MATERIAL TO PROCESS —
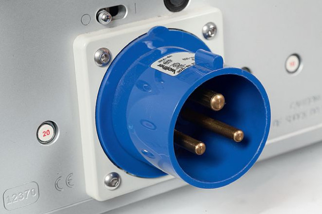 Złącze w 2160 jest jednofazowe, ale maksymalna moc, jaką 2160 pobiera z sieci, sięga 5000 W, a to oznacza, że gniazdo (i wszystkie elementy połączeniowe) powinny wytrzymać natężenie 22 A. Zastosowane gniazdo przyjmie aż 32 A, co może wydawać się przesadą, ale lepszy zapas niż deficyt; standardowe złącza C19/C20 wytrzymują "tylko" 20 A.
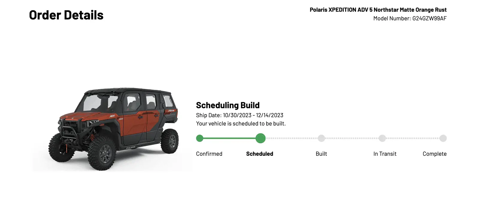 Just got the call my new ride is in for the 2nd time!!lol it will be a few days before i pick it up , ordered a few extra parts for it for them to install. Funny how I got it before the ship date above on 8/17 expected to ship 8/18! lolMy FIRSTEXPEDITION WAS DESTROYED IN THE PARKING LOT, So they ordered me a new one sucks cause I drove 5 hours just to have an asshat plow into the side and smash the frame, right after I signed the paperwork!!View attachment 362
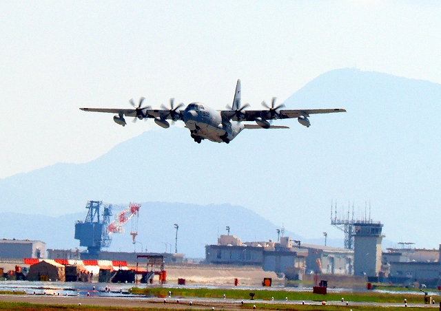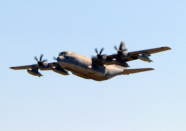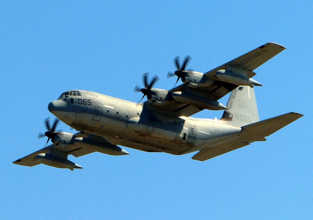 米海兵隊 KC-130J 空中給油機 スーパーハーキュリーズ(岩国基地)、QD 8055番機が離陸 |
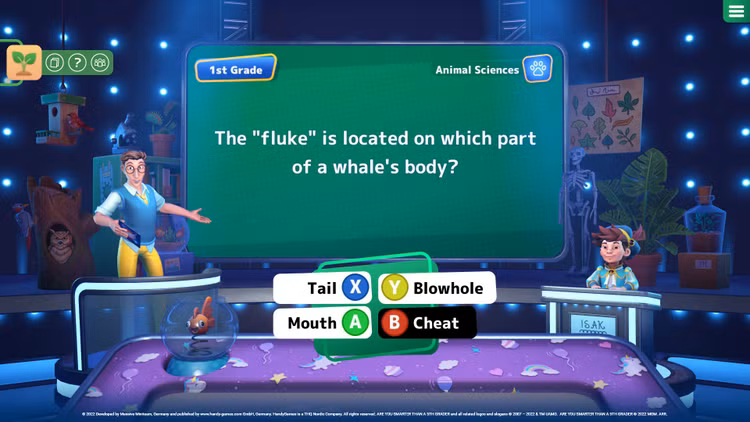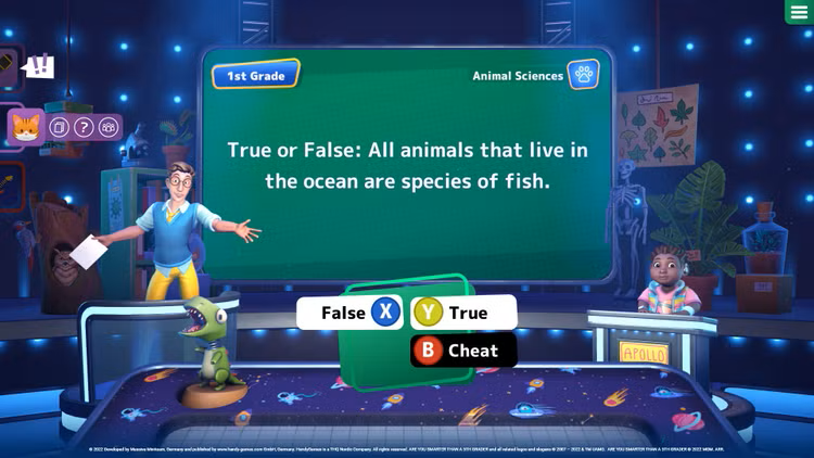 ¿Eres más inteligente que un alumno de 5º grado? es un ingenioso y divertido juego de preguntas y respuestas basado en la popular franquicia televisiva. Las preguntas de opción múltiple, los desafíos de verdadero o falso y los minijuegos pondrán a prueba tu conocimiento en 24 materias diferentes. Ante una pregunta difícil, siempre puedes contar con la ayuda de tus compañeros. Más de 6,800 preguntas sobre temas como ciencias de los animales, vocabulario, matemáticas y más, son presentadas por un elenco de personajes variado, completamente expresados y animados. Supera cada desafío solo o junto a familiares y amigos en un emocionante juego cooperativo multijugador para demostrar que realmente eres más inteligente que un alumno de 5º grado!
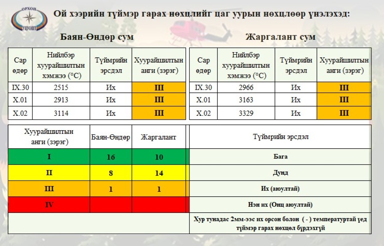 Өнөөдрийн байдлаар хуурайшилтын зэрэг III буюу түймэр гарах эрсдэл ихтэй байгааг онцгойлон анхааруулж байна!
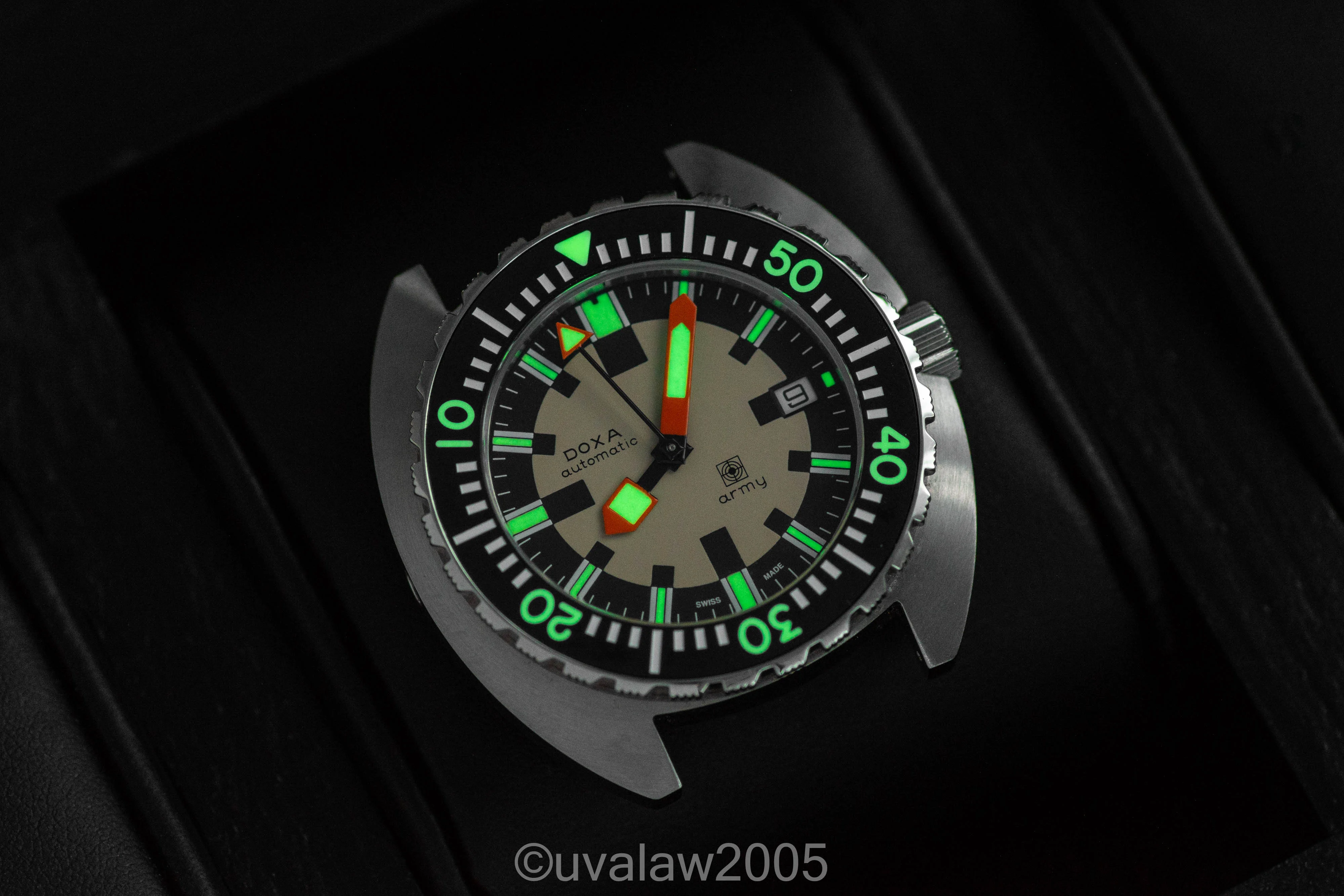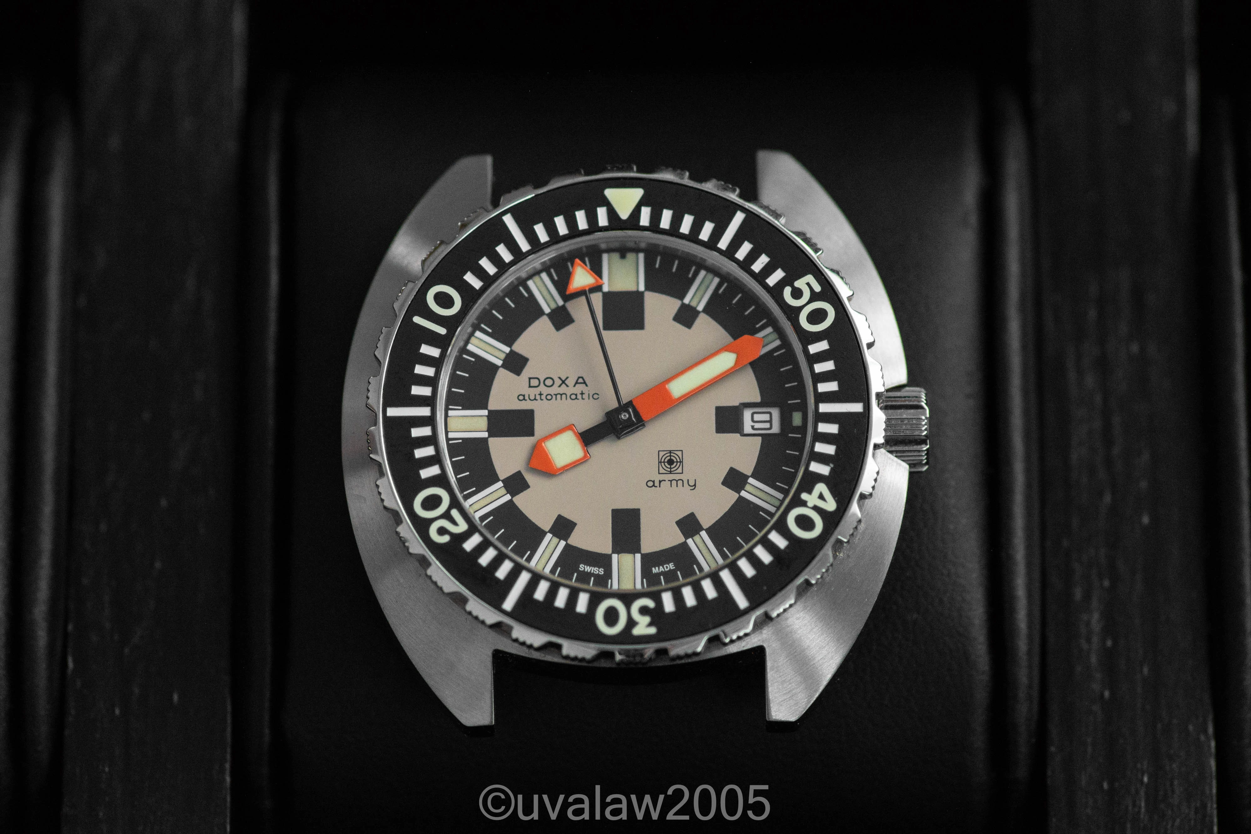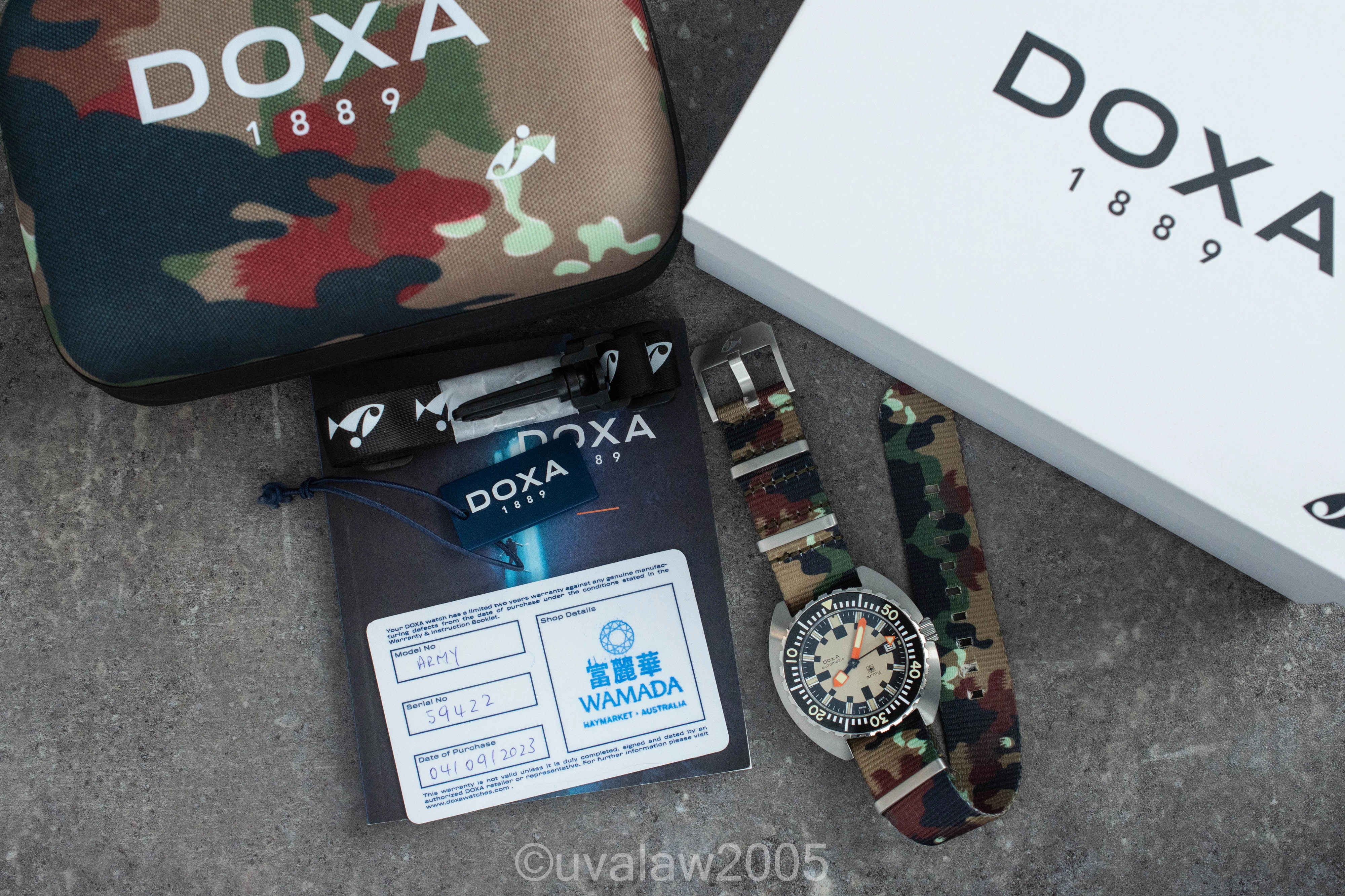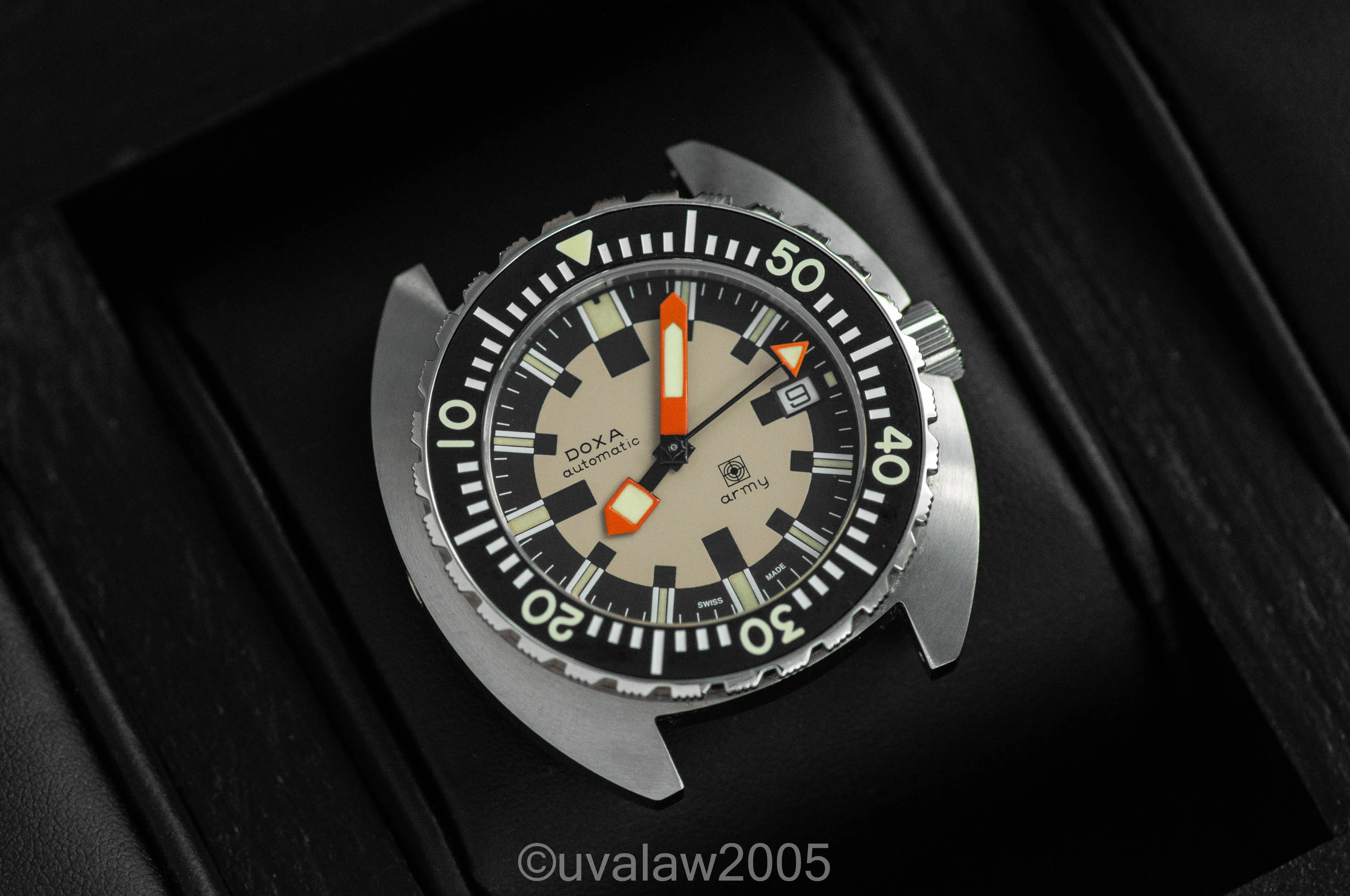 ·For sale is my black bezel stainless steel DOXA Army in excellent condition with light surface wear and strap change marks to the back of the lugs. Comes on OEM NATO - no bracelet or rubber strap - with inner/outer boxes, manual, hang tag, stamped/dated warranty card, and original sale receipt.

WORK INSTRUCTION — Print the material word for word without images.

RESULT FOR THIS TASK —
 Złącze w 2160 jest jednofazowe, ale maksymalna moc, jaką 2160 pobiera z sieci, sięga 5000 W, a to oznacza, że gniazdo (i wszystkie elementy połączeniowe) powinny wytrzymać natężenie 22 A. Zastosowane gniazdo przyjmie aż 32 A, co może wydawać się przesadą, ale lepszy zapas niż deficyt; standardowe złącza C19/C20 wytrzymują "tylko" 20 A.
 Just got the call my new ride is in for the 2nd time!!lol it will be a few days before i pick it up , ordered a few extra parts for it for them to install. Funny how I got it before the ship date above on 8/17 expected to ship 8/18! lolMy FIRSTEXPEDITION WAS DESTROYED IN THE PARKING LOT, So they ordered me a new one sucks cause I drove 5 hours just to have an asshat plow into the side and smash the frame, right after I signed the paperwork!!View attachment 362
 米海兵隊 KC-130J 空中給油機 スーパーハーキュリーズ(岩国基地)、QD 8055番機が離陸 |
 ¿Eres más inteligente que un alumno de 5º grado? es un ingenioso y divertido juego de preguntas y respuestas basado en la popular franquicia televisiva. Las preguntas de opción múltiple, los desafíos de verdadero o falso y los minijuegos pondrán a prueba tu conocimiento en 24 materias diferentes. Ante una pregunta difícil, siempre puedes contar con la ayuda de tus compañeros. Más de 6,800 preguntas sobre temas como ciencias de los animales, vocabulario, matemáticas y más, son presentadas por un elenco de personajes variado, completamente expresados y animados. Supera cada desafío solo o junto a familiares y amigos en un emocionante juego cooperativo multijugador para demostrar que realmente eres más inteligente que un alumno de 5º grado!
 Өнөөдрийн байдлаар хуурайшилтын зэрэг III буюу түймэр гарах эрсдэл ихтэй байгааг онцгойлон анхааруулж байна!
 ·For sale is my black bezel stainless steel DOXA Army in excellent condition with light surface wear and strap change marks to the back of the lugs. Comes on OEM NATO - no bracelet or rubber strap - with inner/outer boxes, manual, hang tag, stamped/dated warranty card, and original sale receipt.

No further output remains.